The first author was Dr. Pavel Sumazin, an associate professor of pediatrics at Baylor College of Medicine and the Texas Children’s Cancer and Hematology Center, and his colleagues tried to better characterize this high-risk cancer.

The researchers studied the molecular profiles of the tumors, including genetic changes and gene expression profiles. They found that these profiles did not fit into the molecular categories of hepatoblastoma (HB) or hepatocellular carcinoma (HCC). Instead, these tumors exhibited repetitive molecular features that were observed in both HBs and HCC. They designated these tumors as hepatoblastomas with signs of hepatocellular carcinoma (HBC).

The team also studied HBC treatments and outcomes and found that they tended to be more resistant to standard chemotherapy and had poor outcomes if not treated with more aggressive surgical approaches, including transplantation. Based on their findings, the team proposed a diagnostic algorithm for HBC stratification and specialized treatment guidance.

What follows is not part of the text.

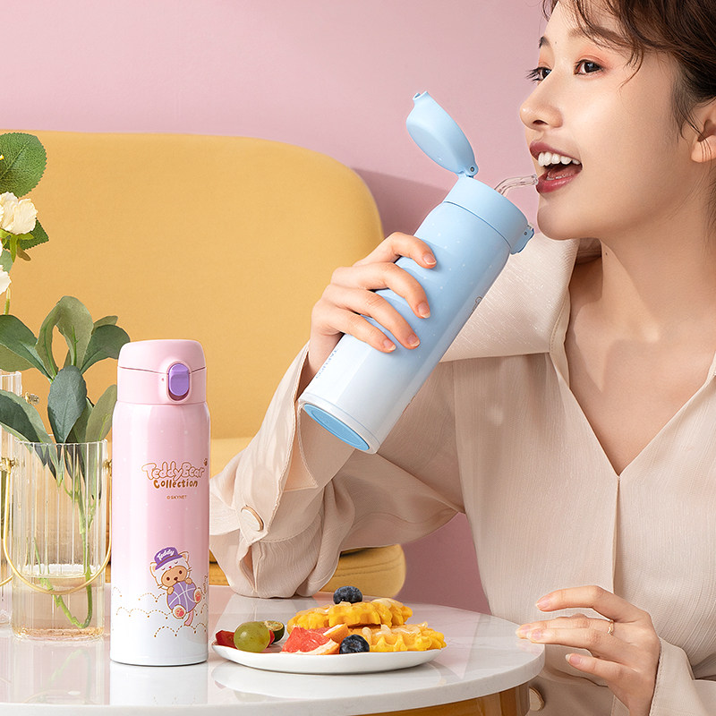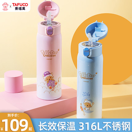 泰福高儿童吸管保温杯带316L不锈钢吸管杯水杯小学生冬季水壶女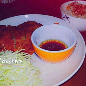 吃时配上圆白菜丝 酱汁 糙米饭 美味简单的一餐饭

“Our results underscore the importance of molecular testing to accurately classify these tumors to optimize treatment guidelines at the time of initial diagnosis,” said Dr. Dolores Lopez-Terada, author of the article, professor of pathology, immunology and pediatrics at Baylor and head of the Techology Department of Pediatric Genomic Medicine. . “Our analysis suggested that children with HBCs may benefit from treatment strategies that differ from those recommended for patients with hepatoblastoma and hepatocellular carcinoma.”

Find all the details of this study in Journal of Hepatology.

Sumazin and Lopez-Terada are members of the Dan L. Duncan Complex Cancer Center in Baylor. Other authors from Baylor and Texas Children’s include Trisha L. Peters, Stephen F. Sarabia, Hyunja R. Kim, Martin Urbicane, Emporia Faith Hollingsworth, Carla R. Alvarez, Cynthia R. Perez, Mohammad Javad Najaf Panah, Jessica L. , Katie Skarson, Barry Zorman, Sarah E. Woodfield, John A. Goss, Sanjev A. Vasudevan, Andras Hechei, Angschumoy Roy, Kevin E. Fisher, Hookah R. Patel and Milton J. Feingold. Howard Katzenstein, Alison F. O’Neill, Rebecca Myers, Greg Qiao, Jim Geller, Saranganjan Ranganathan, Arun A. Rangoswami, all members of the Children’s Cancer Cancer Committee, as well as Rita Aladjo and Alice Poe in . They are from the following institutions: Wolfson Children’s Hospital, Dana-Farber Cancer Institute, Boston Children’s Hospital, Harvard Medical School, Primary Children’s Hospital, Cincinnati Children’s Hospital Medical Center, University of California at San Francisco and Bambina Gesu Children’s Hospital.

This work was funded by the Texas Institute for Cancer Prevention and Research (RP180674), the Horizon 2020 European Union (826121), the Schindler Foundation and the National Cancer Institute (R21CA223140).